We should be patience and enthusiastic about our life and with others. We should see that the seed of a rose and the last decaying petal is still a rose—not demand that it quickly grow into its beauty and then remain like that forever. 

Wednesday, January 4, 2012

Moments from my day

There are times when I don't feel like compromising or waiting for a better day. Today was one of those days. I had an idea in mind of what I wanted from my day and decided to bring it forth. Sometimes your day dictates to you and sometimes you need to dictate to your day "this is how it's going to be!" My day listened.

I started by telling my day I wanted a thrifted mini backpack. My sister was kind enough to drive me out to the store and low and behold a Derek Alexander leather mini backpack was waiting for me. It was a steal at only 2 dollars. I also bought a long button down vest for $2.50. And my sister found a large stylish carpet bag for $4.00. Needless to say it was a good thrifting day.

I also decided today I was going to eat Mcdonalds. Without giving a care to nutrition or fat content, I indugled and felt very pleased about it. But while smiling at my meal, strawberry punch poured in my sister's car landing on my favorite trench. I guess it was my day's way of saying, "you can't have it all perfect." No bother. I'm too happy about the comment my professor left on my final paper to mind any spills and mishaps.

In fact I am posting her comment here, because I may never see a pleasant review of a graded work again. That and it may motivate me the next time I stress about a paper.

Dear Adelaide,


This is an excellent paper and a pleasure to read.
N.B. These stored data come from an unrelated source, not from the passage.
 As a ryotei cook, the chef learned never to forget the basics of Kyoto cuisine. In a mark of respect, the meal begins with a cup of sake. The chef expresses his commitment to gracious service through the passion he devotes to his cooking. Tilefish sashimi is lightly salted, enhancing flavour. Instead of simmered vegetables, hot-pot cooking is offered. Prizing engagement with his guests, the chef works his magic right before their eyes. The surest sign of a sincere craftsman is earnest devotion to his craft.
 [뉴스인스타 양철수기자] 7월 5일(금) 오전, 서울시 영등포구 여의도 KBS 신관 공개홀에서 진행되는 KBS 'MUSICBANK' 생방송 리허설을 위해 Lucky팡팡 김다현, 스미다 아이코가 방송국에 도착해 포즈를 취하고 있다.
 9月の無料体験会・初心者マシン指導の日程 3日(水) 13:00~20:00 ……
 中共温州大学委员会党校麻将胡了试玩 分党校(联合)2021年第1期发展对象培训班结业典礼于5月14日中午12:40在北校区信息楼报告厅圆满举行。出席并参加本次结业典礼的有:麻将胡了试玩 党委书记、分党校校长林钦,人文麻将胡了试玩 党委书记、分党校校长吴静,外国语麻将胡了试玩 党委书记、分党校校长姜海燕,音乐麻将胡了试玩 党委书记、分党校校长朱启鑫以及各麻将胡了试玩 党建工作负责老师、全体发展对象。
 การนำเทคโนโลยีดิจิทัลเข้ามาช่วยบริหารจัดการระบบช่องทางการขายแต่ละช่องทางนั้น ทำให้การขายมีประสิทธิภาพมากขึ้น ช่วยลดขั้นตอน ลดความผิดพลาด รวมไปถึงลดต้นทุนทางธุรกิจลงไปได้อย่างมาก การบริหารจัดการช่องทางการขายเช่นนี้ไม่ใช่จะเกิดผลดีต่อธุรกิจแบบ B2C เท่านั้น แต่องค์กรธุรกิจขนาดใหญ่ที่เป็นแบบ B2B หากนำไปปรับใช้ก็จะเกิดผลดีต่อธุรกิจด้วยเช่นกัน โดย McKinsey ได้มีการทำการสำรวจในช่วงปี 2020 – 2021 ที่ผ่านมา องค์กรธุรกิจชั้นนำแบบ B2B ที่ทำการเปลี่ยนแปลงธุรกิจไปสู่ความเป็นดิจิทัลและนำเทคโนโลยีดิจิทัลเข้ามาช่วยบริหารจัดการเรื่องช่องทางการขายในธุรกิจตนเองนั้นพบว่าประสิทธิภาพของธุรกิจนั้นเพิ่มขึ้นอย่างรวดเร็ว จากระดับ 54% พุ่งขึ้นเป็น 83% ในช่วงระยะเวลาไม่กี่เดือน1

I have pointed to certain sreas that could use more careful thinking and questioning; however, you have pulled together key contexts in evaluating the issue of individual rights and freedoms and the controls in place.
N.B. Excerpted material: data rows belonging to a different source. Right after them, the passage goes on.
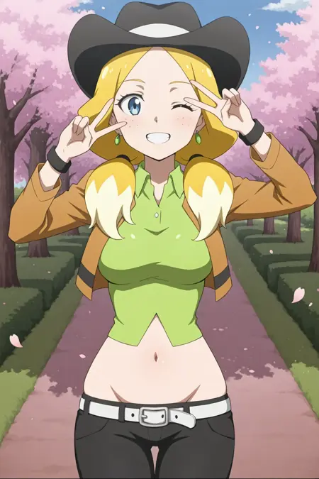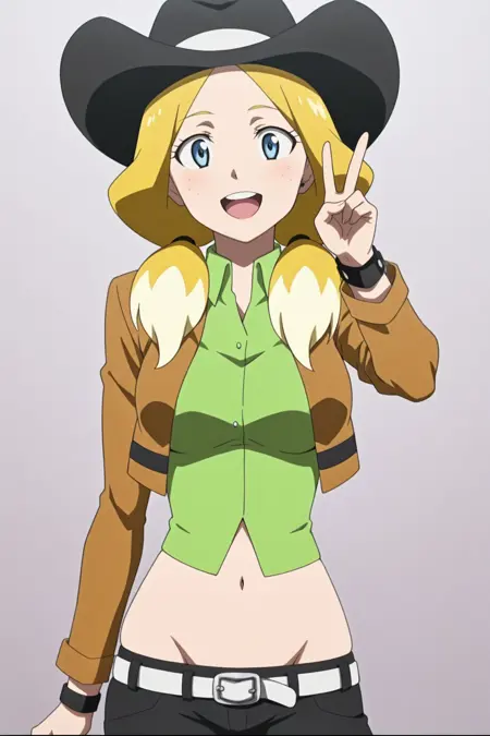의상 프롬프트: 커우보이 모자, 갈색 재킷, 녹색 셔츠, 칼라 셔츠, 크롭탑, 흰색 끈, 앞쪽 슬릿, 긴 소매, 팔찌, 흰색 벨트, 벨트 버클, 검은 바지, 커우보이 부츠, 흰색 부츠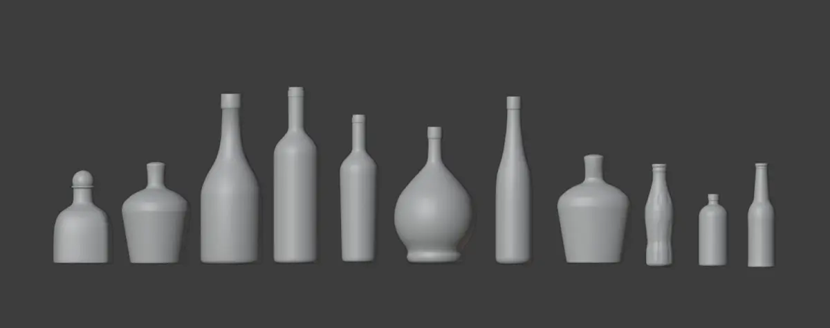 Included Models:Standard Wine BottleFiasco BottleBeer Bottle (with separated cap)Coke/Soda Bottle (with separated cap)Generic liquor decanter“Crown” Style Glass BottleChampagne Bottle (Two variations)Sparkling Beverage BottlePatron Style Tequila Bottle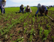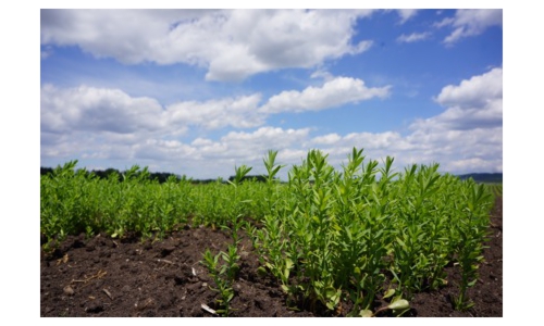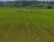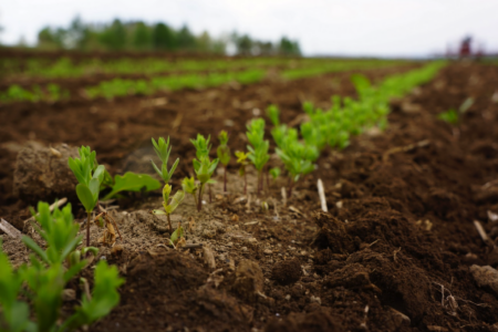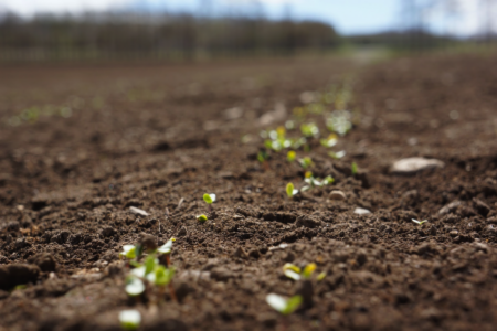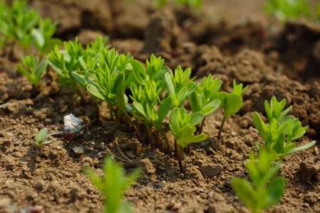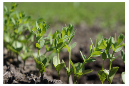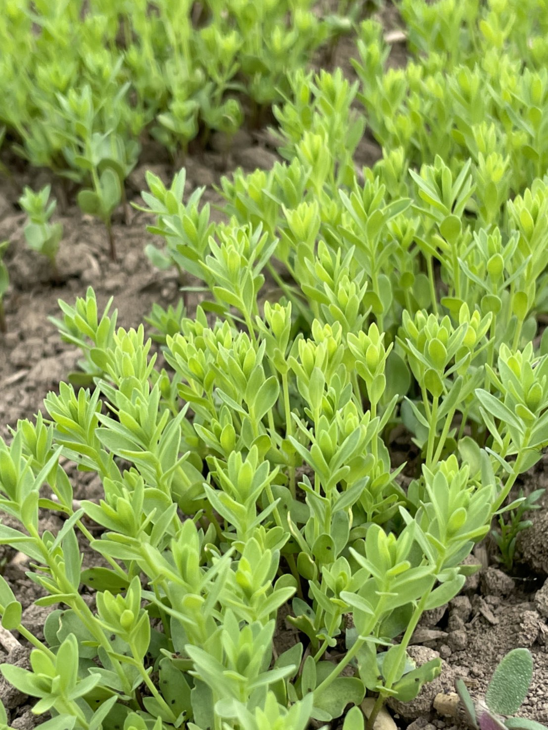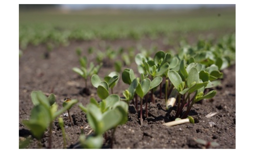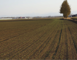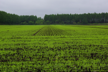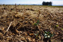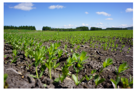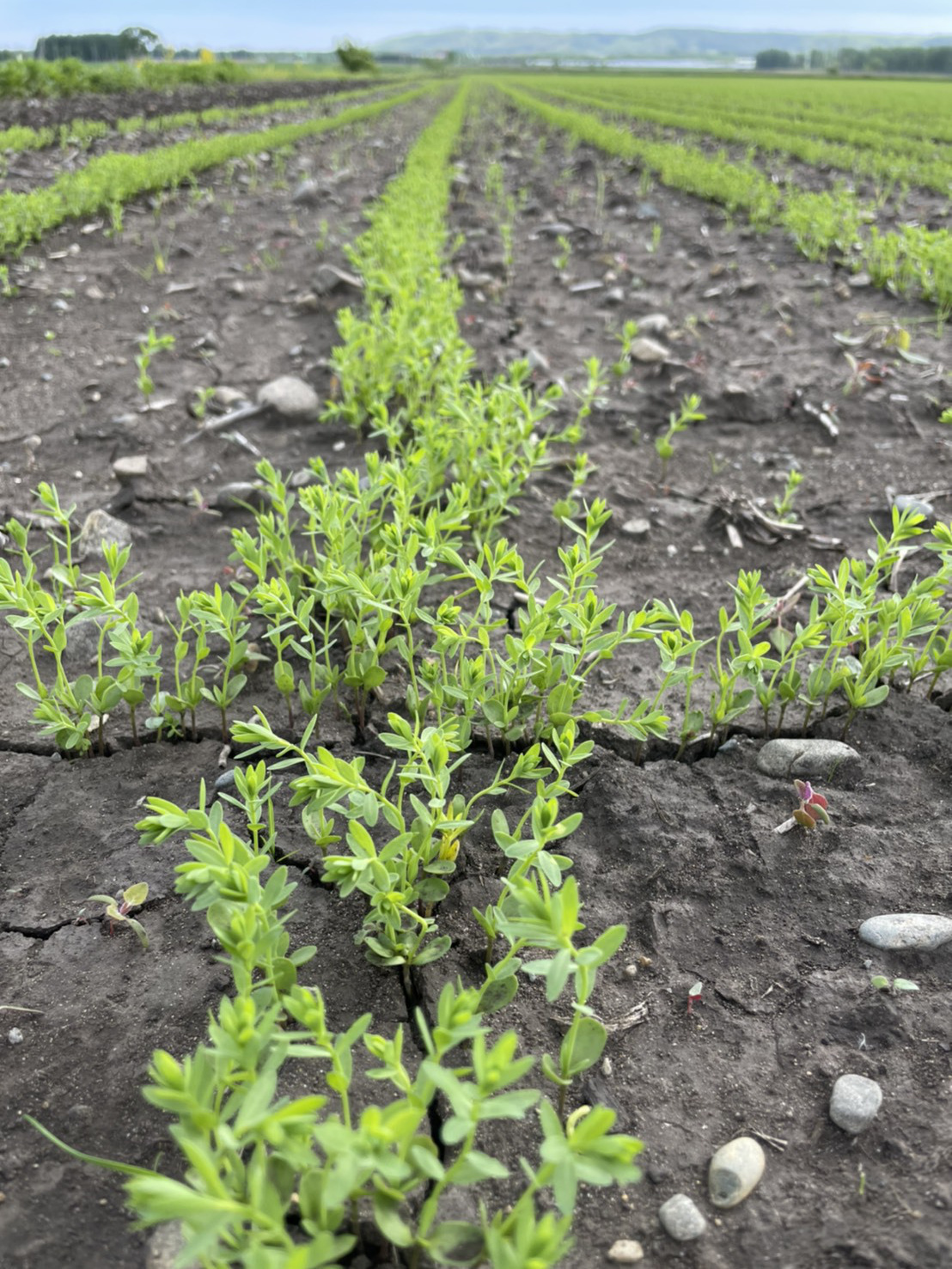亜麻の赤ちゃんと小さな芽が出たばかりの、1ha畑の様子!

Best of luck in your future endeavours.

Romita

Wednesday, July 13, 2011

Are You Perfect?



Dr Wayne Dyer says in his book, The Sky’s the Limit that “you must allow yourself to think of yourself as perfect if you are ever going to achieve your full potential.” He then goes on to explain that thinking of yourself as perfect in no regard means that you lacking motivation for future growth.

These words provide great truth. Many people “settle” with the status quo. Then there are notions that we associate with perfect as arrogant or a cop out to journey further in life. But the truth is you can grow, change and reinvent yourself and still be perfect.  
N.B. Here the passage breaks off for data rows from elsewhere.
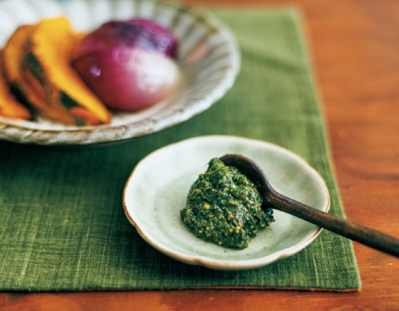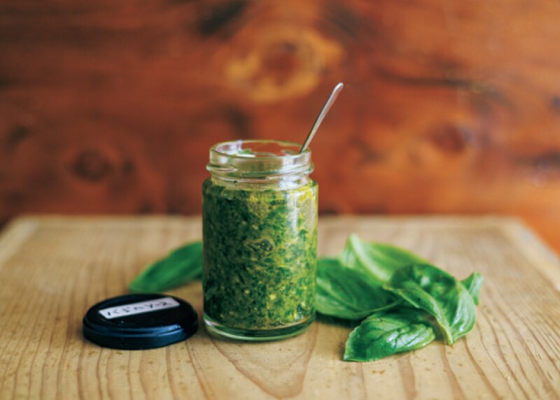 4. 保存容器に3 のバジルソースを入れ、冷蔵庫で保存する。バジルソースは空気に触れると変色しやすいため、表面をラップなどで覆っておくとよい。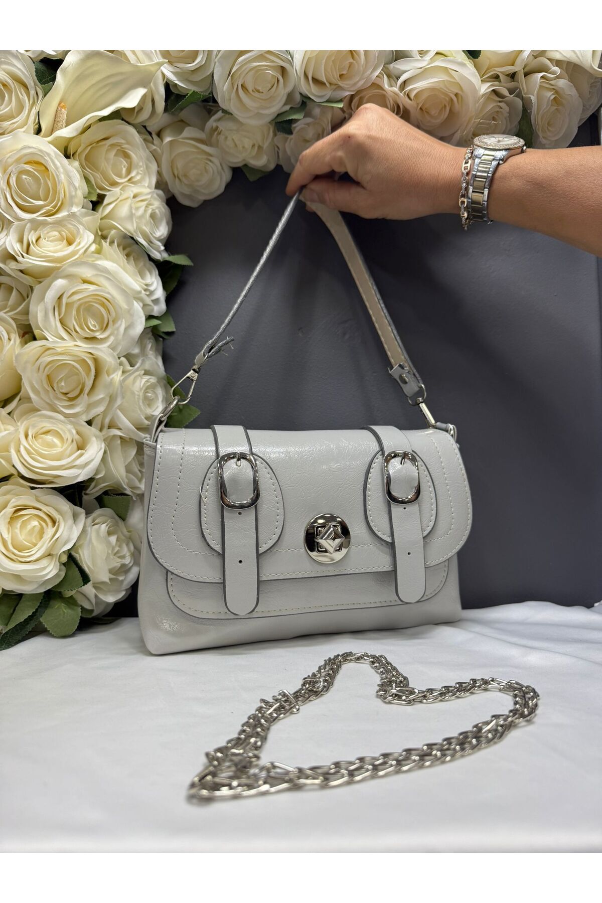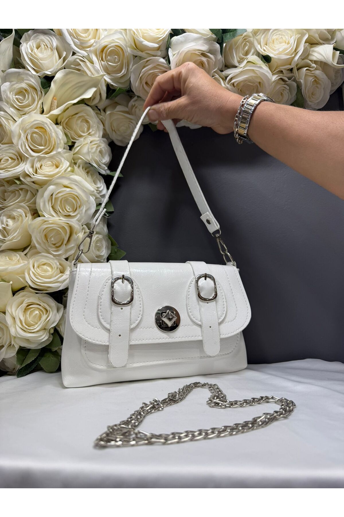 Kadın Kemer Detaylı Zincir Askılı Çanta Kadın Kemer Detaylı Zincir Askılı Çanta miossa00060 تک سایز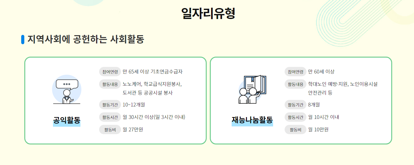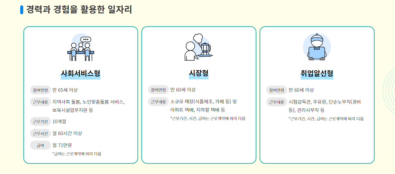 경력과 경험을 활용한 일자리 - 사회서비스형, 시장형, 취업알선형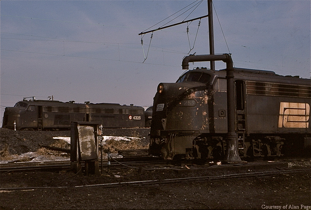 NJDOT E-8A 4325 alongside PC 4253 at the South Amboy engine terminal in March, 1978.

It’s important that the essence of one’s perfection is evaluating themselves, accepting what they perceive as perfect in the present and growing from that.

When was the last time you marveled at your potential? Yesterday? Last week? Maybe you never have. Every single person should marvel at their potential each and everyday. The only way you can fully arrive into life is to view yourself with new eyes instead of meekly “going with the flow” because you don’t think you’re good enough to get into the big game.

Grant yourself permission today to grow and achieve further. Very few people give attention to the born capabilities in every human being to achieve greatness beyond the status quo.
There is no hard statistical data to measure greatness, so you don’t have to chart your data between normality and something worse.

If you feel that you are coping with life as well as the next person why not see yourself further, instead of seeing how you stack up against other people.

Begin to look at yourself in a new and exciting way.

Tuesday, February 22, 2011

Change for the better

The quote above says "people change for the better, not for the worse." With God, they do. They adapt better, they cope better, they make better decisions, and they live and love better. Being on the other side, when I tried to change without him, didn't let me do a good job. I mean I was living, and I was changing, but I wasn't becoming someone I could be proud of. Perhaps it was because I was changing for the world, doing what those who live for external wanted me to do. But the external is limiting. You can only accomplish so much; you can only experience so much; and you can only change so much. But returning to the internal and the eternal eliminated the boundaries and limits. I changed fully, while still allowing myself to believe that God made me perfect. That in this moment, I can accept who I am and live as my best self.